Para os brasileiros, as diferenças maiores assentam no uso do hífen e na acentuação dos ditongos.
 Para nós, a modificação mais importante reside no abandono das consoantes mudas. Secundariamente, desaparece o hífen, em algumas conjugações do verbo haver, e modifica-se a acentuação de diversos vocábulos.
  Compreendem-se as reticências de países como Angola e Moçambique em relação ao Acordo ortográfico. A verdade é que uma parte não contada mas significativa da população desses dois países africanos desconhece a língua portuguesa. As massas camponesas continuam a comunicar nos dialetos gentílicos. Nessas paragens, o domínio do português é um privilégio das elites.
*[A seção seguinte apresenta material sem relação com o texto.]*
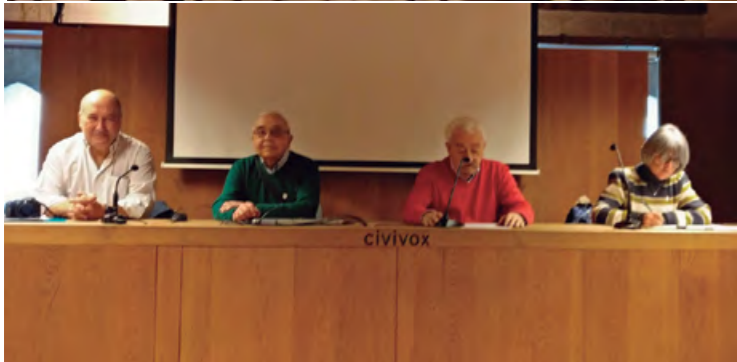
Asamblea General Ordinaria.
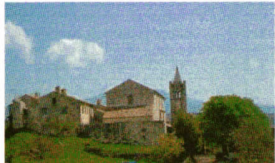
Hum, za katerega pravijo, da je najmanjše mestece na svetu.

Glagolica je najstarejša slovanska pisava, to je prva, glasovnemu sestavu stare cerkvene slovanščine prilagojena pisava. Sestavila naj bi jo brata Ciril in Metod (okrog 862), preden sta odšla na Moravsko, sicer pa je v glavnem obveljalo mnenje, da je to Konstantinovo delo. Glagolica je dobila ime po besedi "glagolati - govoriti". Njena raba je najdena v najstarejših starocerkvenih slovanskih spomenikih, pozneje se je uporabljala še v rimskokatoliških liturgičnih knjigah v Dalmaciji. V glagolici so bile napisane prve slovanske knjige za cerkveno in posvetno rabo.
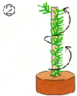
② 下から上に向かってもみの木モールを丸棒が見えないくらいしっかりと巻つける。
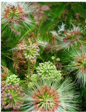
11 Hydrochoria corymbosa MIMOSOIDEAE
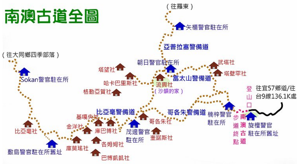
《南澳警備道路地圖
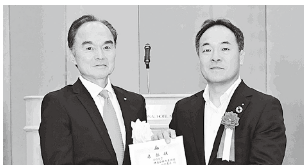
会員増強 銀行表彰の様子
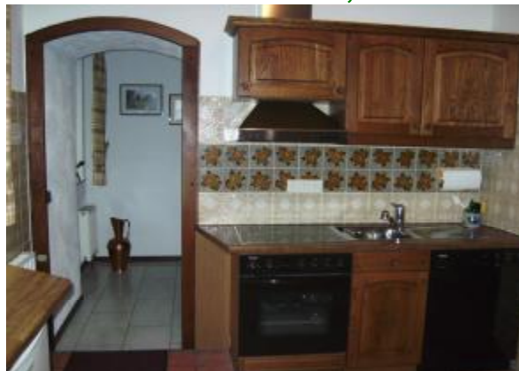
Backofen / Spülmaschine / Mikro etc.
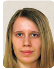
[女子選手] ユリア・ タラセヴィチ
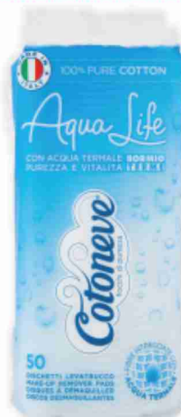
Dischetti levatrucco Aqua Life Cotoneve pezzi 50
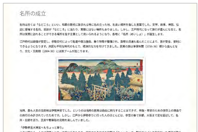
名所にまつわるコラムのページ

 Como era de prever, a introdução de corretores de texto, que adotam instantaneamente a grafia antiga à nova, simplificou o processo de transição e reduziu o número de oponentes ao Acordo ortográfico.
  Prevejo que, mais do que livros, revistas e jornais, serão as telenovelas (acima do cinema, em que nenhum país lusófono mantém notoriedade) os elementos unificadores da linguagem falada, incluindo o aspeto da pronúncia.
  Com a profusão de neologismos de raiz tecnológica, quase todos os povos do mundo falam cada vez mais inglês, ou incorporam vocábulos anglo-saxões nas suas línguas nacionais. O inglês é a língua franca dos tempos modernos. No entanto, não me parece necessário um “esperanto”. As grandes línguas mundiais, entre as quais se conta o português, continuarão a ser faladas no futuro previsível.
  Nós, portugueses, deveríamos estar orgulhosos por termos desenvolvido uma língua que é das mais usadas no mundo. Deixou há muito de ser exclusivamente nossa, para se afirmar como património cultural da Humanidade.